5. A method for designing primers, comprising the steps of:

selecting at least one DNA nucleotide sequence from a genomic DNA database;

predicting a plurality of exons of said selected DNA nucleotide;

simultaneously designing a plurality of primer pairs by using each of the predicted exons as a template; and

automatically collating said plurality of primer pairs with said predicted exons and the DNA nucleotide sequence.

6. A method for designing primers according to claim 5, further comprising a step of selecting a plurality of primer pairs meeting certain selection conditions from said plurality of designed primer pairs, wherein said extraction conditions include at least one of a predetermined base length, a GC content, Tm.

7. A method for designing primers according to claim 5, further comprising a step of evaluating specificity of each designed primer or primer pair.

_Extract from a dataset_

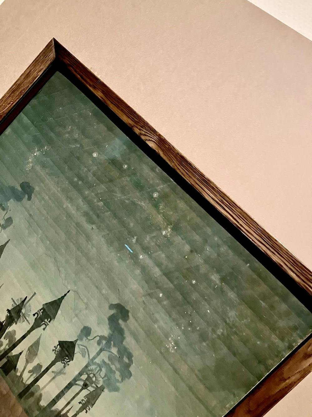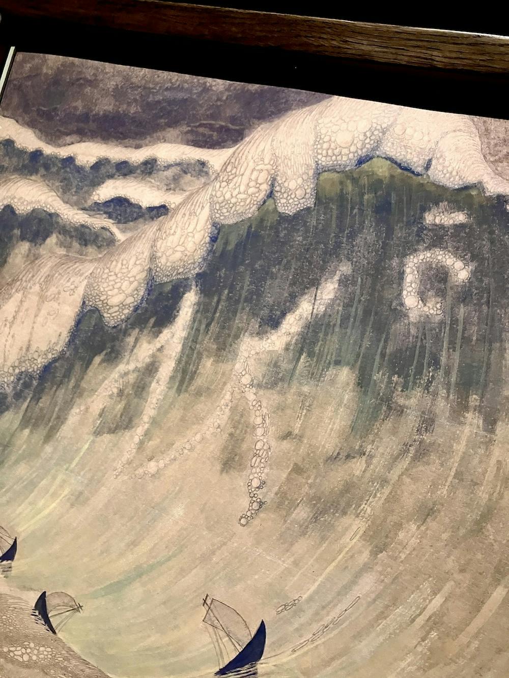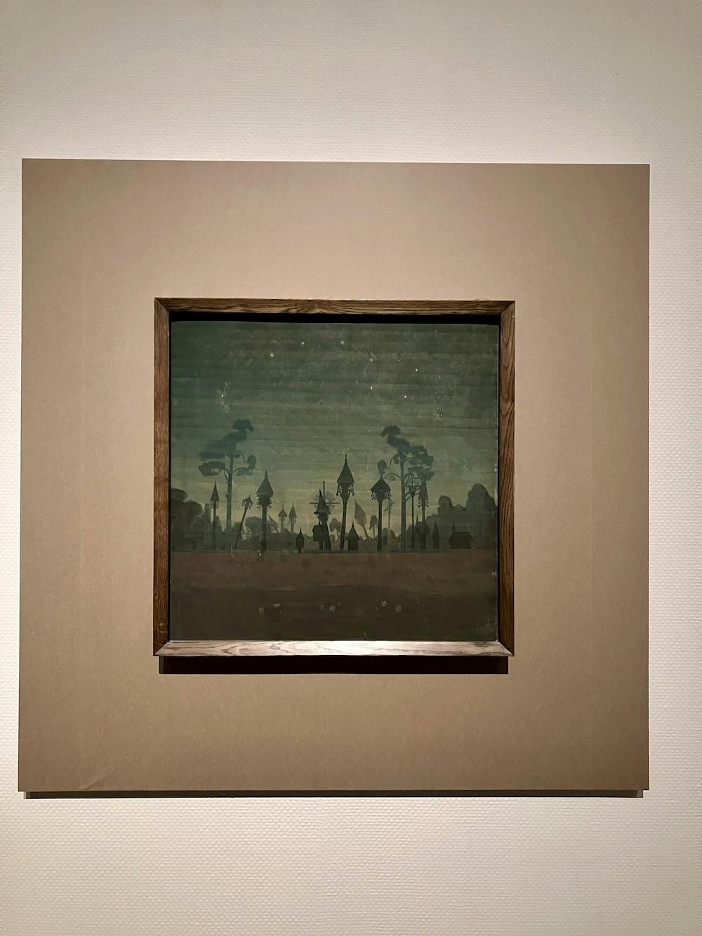 私がチュルリョーニスの作品がとても好きな理由は、象徴的でフィクション性が高く、細部のディテールが細かい点です。寄りの写真をいくつか載せていますが、実は背景でうっすら描かれている建物が別の作品でメインで描かれていたり、あっちの天使とこっちの天使のデザインが一緒、みたいなことが多々あるんです。

8. A primer design system according to claim 1, further comprising randomly dividing fragments of a genomic DNA as templates for exon prediction.

9. A primer design system, comprising:

means for designing a plurality of primer pairs by using each of the predicted exons as a template; and

means for evaluating specificity of each designed primer or each designed primer pair.

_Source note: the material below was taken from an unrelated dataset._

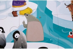 Uđite s djecom u fascinantan svijet iza polarnog kruga. Ove taktilne puzzle spajaju radost slaganja s otkrivanjem različitih tekstura – neki dijelovi imaju posebne površine koje potiču osjet dodira i pomažu djeci upoznavati polarne životinje ne samo očima, već i dodirom.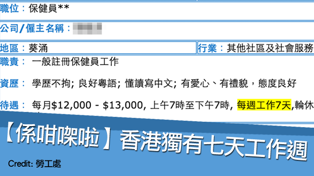前排個個都係咁講每週最低工時,好多地方每週工時都唔超50個鐘,而法國嘅打工仔就最爽,每個星期淨係返35個鐘!不過喺香港呢個咁繁華、咁進步嘅城市,返咁少實在係太懶,縱壞晒班廢青,所以香港嘅打工仔應該要日日返工、日日OT!好似呢份工咁,每週工作7天,咁啲打工仔咪可以好充實咁過每一日囉~

10. A primer design system according to claim 9, wherein the means for evaluating specificity evaluates each designed primer by conducting BLAST searches for a full sequence of the primer via at least one repeat database and at least one genome database.

11. A primer design system according to claim 9, wherein the means for evaluating specificity evaluates each designed primer by conducting a BLAST search for any undesirable sequence contained therein.

12. A primer design system according to claim 9, wherein the means for evaluating specificity evaluates each designed primer pair by conducting justification checks on each multiplication region in the DNA which contains an exact sequence as the primer but positioned elsewhere on the DNA.